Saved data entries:
>>>>>
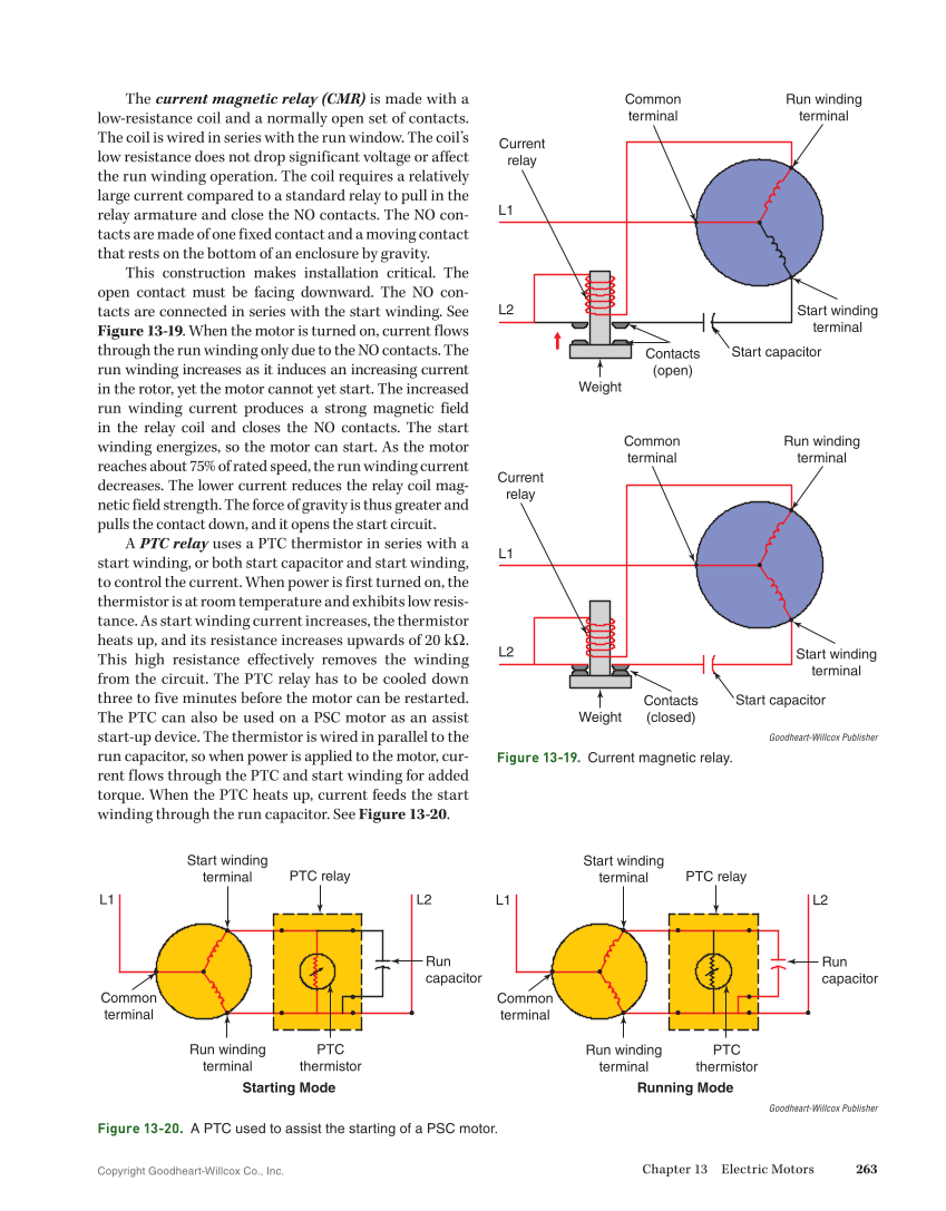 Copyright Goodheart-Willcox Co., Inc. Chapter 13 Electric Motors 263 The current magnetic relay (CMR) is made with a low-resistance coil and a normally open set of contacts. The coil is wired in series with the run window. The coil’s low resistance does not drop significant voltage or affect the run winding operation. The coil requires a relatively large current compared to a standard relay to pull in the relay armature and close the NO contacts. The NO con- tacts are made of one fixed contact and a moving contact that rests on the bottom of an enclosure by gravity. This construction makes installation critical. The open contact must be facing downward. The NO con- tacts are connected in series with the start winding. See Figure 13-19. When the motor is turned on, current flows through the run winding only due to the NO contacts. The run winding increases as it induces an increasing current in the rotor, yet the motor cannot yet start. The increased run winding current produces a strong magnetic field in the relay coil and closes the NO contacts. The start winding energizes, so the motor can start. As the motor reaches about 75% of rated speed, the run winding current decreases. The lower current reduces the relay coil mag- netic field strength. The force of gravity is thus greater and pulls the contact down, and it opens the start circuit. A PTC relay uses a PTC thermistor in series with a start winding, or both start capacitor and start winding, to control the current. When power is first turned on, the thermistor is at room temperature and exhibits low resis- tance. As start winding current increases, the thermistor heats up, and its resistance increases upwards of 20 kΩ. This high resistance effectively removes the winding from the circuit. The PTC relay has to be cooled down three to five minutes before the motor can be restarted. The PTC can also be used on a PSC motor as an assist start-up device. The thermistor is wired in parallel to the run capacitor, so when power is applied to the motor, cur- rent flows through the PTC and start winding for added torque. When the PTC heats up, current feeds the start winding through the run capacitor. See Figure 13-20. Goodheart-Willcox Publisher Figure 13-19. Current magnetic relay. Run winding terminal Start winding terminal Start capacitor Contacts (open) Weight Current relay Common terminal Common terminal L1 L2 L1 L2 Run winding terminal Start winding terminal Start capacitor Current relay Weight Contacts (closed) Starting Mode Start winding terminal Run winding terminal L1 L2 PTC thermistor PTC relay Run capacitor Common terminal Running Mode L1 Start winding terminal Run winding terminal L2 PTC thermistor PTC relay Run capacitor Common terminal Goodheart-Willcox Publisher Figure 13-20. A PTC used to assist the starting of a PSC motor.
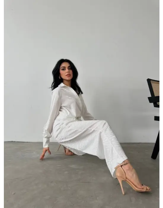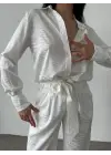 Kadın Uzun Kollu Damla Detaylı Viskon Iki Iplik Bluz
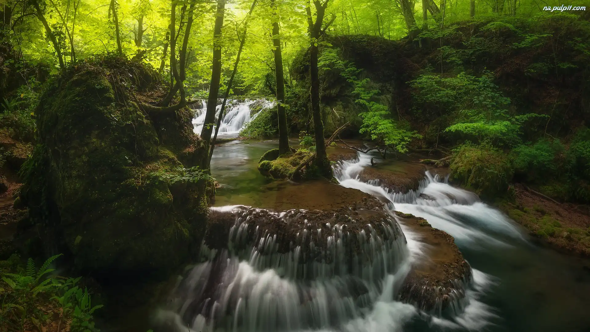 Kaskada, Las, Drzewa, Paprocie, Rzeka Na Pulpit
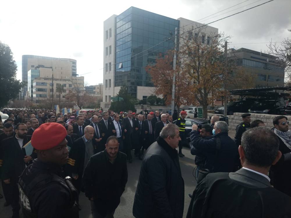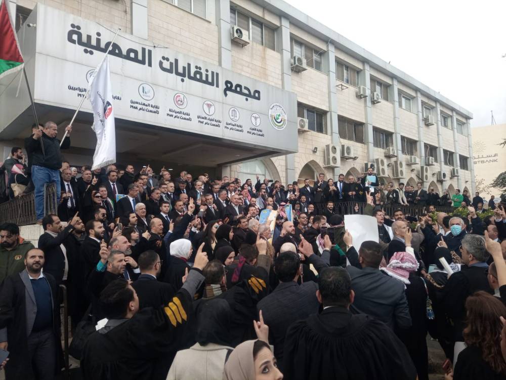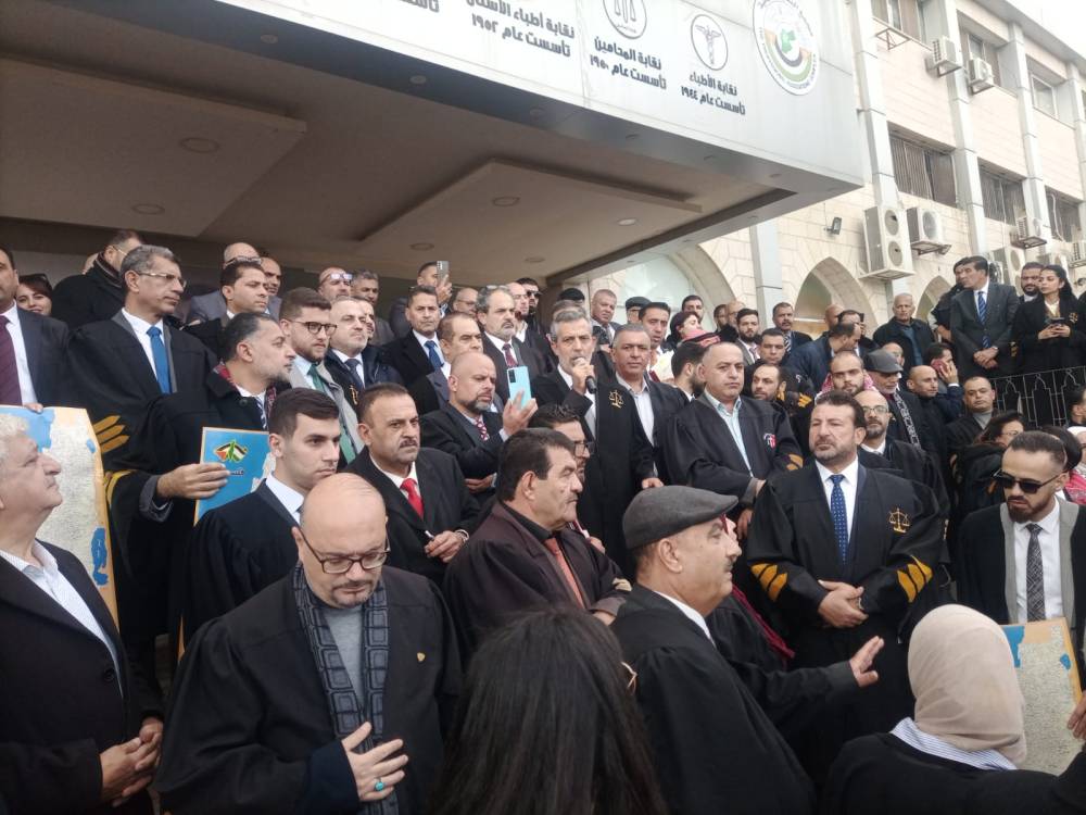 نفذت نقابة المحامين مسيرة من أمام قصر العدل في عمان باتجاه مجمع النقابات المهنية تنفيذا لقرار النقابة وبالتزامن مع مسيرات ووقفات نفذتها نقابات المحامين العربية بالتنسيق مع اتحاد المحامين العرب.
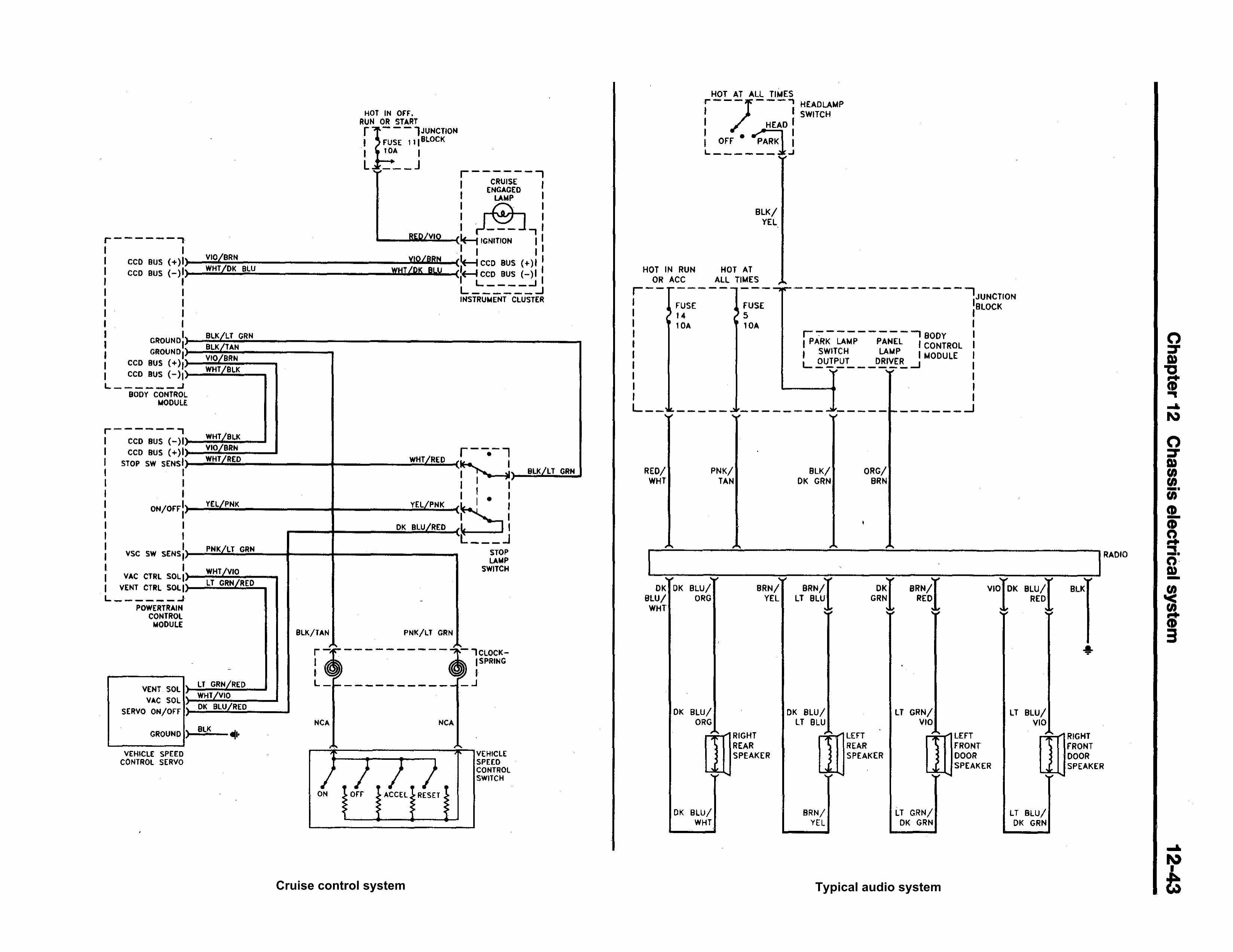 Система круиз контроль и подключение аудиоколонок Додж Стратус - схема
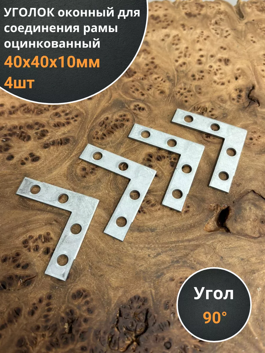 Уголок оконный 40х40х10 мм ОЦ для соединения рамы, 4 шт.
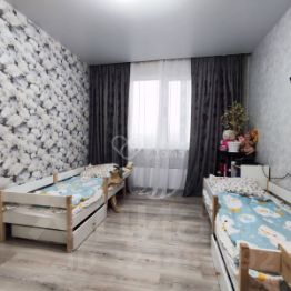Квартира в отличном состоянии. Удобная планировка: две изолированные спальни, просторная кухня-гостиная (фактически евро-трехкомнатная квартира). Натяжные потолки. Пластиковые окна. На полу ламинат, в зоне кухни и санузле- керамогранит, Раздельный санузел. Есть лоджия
<<<<<
Problem to work on: Without the pictures, restate all the entries above exactly.

Output for this task:
 Copyright Goodheart-Willcox Co., Inc. Chapter 13 Electric Motors 263 The current magnetic relay (CMR) is made with a low-resistance coil and a normally open set of contacts. The coil is wired in series with the run window. The coil’s low resistance does not drop significant voltage or affect the run winding operation. The coil requires a relatively large current compared to a standard relay to pull in the relay armature and close the NO contacts. The NO con- tacts are made of one fixed contact and a moving contact that rests on the bottom of an enclosure by gravity. This construction makes installation critical. The open contact must be facing downward. The NO con- tacts are connected in series with the start winding. See Figure 13-19. When the motor is turned on, current flows through the run winding only due to the NO contacts. The run winding increases as it induces an increasing current in the rotor, yet the motor cannot yet start. The increased run winding current produces a strong magnetic field in the relay coil and closes the NO contacts. The start winding energizes, so the motor can start. As the motor reaches about 75% of rated speed, the run winding current decreases. The lower current reduces the relay coil mag- netic field strength. The force of gravity is thus greater and pulls the contact down, and it opens the start circuit. A PTC relay uses a PTC thermistor in series with a start winding, or both start capacitor and start winding, to control the current. When power is first turned on, the thermistor is at room temperature and exhibits low resis- tance. As start winding current increases, the thermistor heats up, and its resistance increases upwards of 20 kΩ. This high resistance effectively removes the winding from the circuit. The PTC relay has to be cooled down three to five minutes before the motor can be restarted. The PTC can also be used on a PSC motor as an assist start-up device. The thermistor is wired in parallel to the run capacitor, so when power is applied to the motor, cur- rent flows through the PTC and start winding for added torque. When the PTC heats up, current feeds the start winding through the run capacitor. See Figure 13-20. Goodheart-Willcox Publisher Figure 13-19. Current magnetic relay. Run winding terminal Start winding terminal Start capacitor Contacts (open) Weight Current relay Common terminal Common terminal L1 L2 L1 L2 Run winding terminal Start winding terminal Start capacitor Current relay Weight Contacts (closed) Starting Mode Start winding terminal Run winding terminal L1 L2 PTC thermistor PTC relay Run capacitor Common terminal Running Mode L1 Start winding terminal Run winding terminal L2 PTC thermistor PTC relay Run capacitor Common terminal Goodheart-Willcox Publisher Figure 13-20. A PTC used to assist the starting of a PSC motor.
 Kadın Uzun Kollu Damla Detaylı Viskon Iki Iplik Bluz
 Kaskada, Las, Drzewa, Paprocie, Rzeka Na Pulpit
 نفذت نقابة المحامين مسيرة من أمام قصر العدل في عمان باتجاه مجمع النقابات المهنية تنفيذا لقرار النقابة وبالتزامن مع مسيرات ووقفات نفذتها نقابات المحامين العربية بالتنسيق مع اتحاد المحامين العرب.
 Система круиз контроль и подключение аудиоколонок Додж Стратус - схема
 Уголок оконный 40х40х10 мм ОЦ для соединения рамы, 4 шт.
Квартира в отличном состоянии. Удобная планировка: две изолированные спальни, просторная кухня-гостиная (фактически евро-трехкомнатная квартира). Натяжные потолки. Пластиковые окна. На полу ламинат, в зоне кухни и санузле- керамогранит, Раздельный санузел. Есть лоджия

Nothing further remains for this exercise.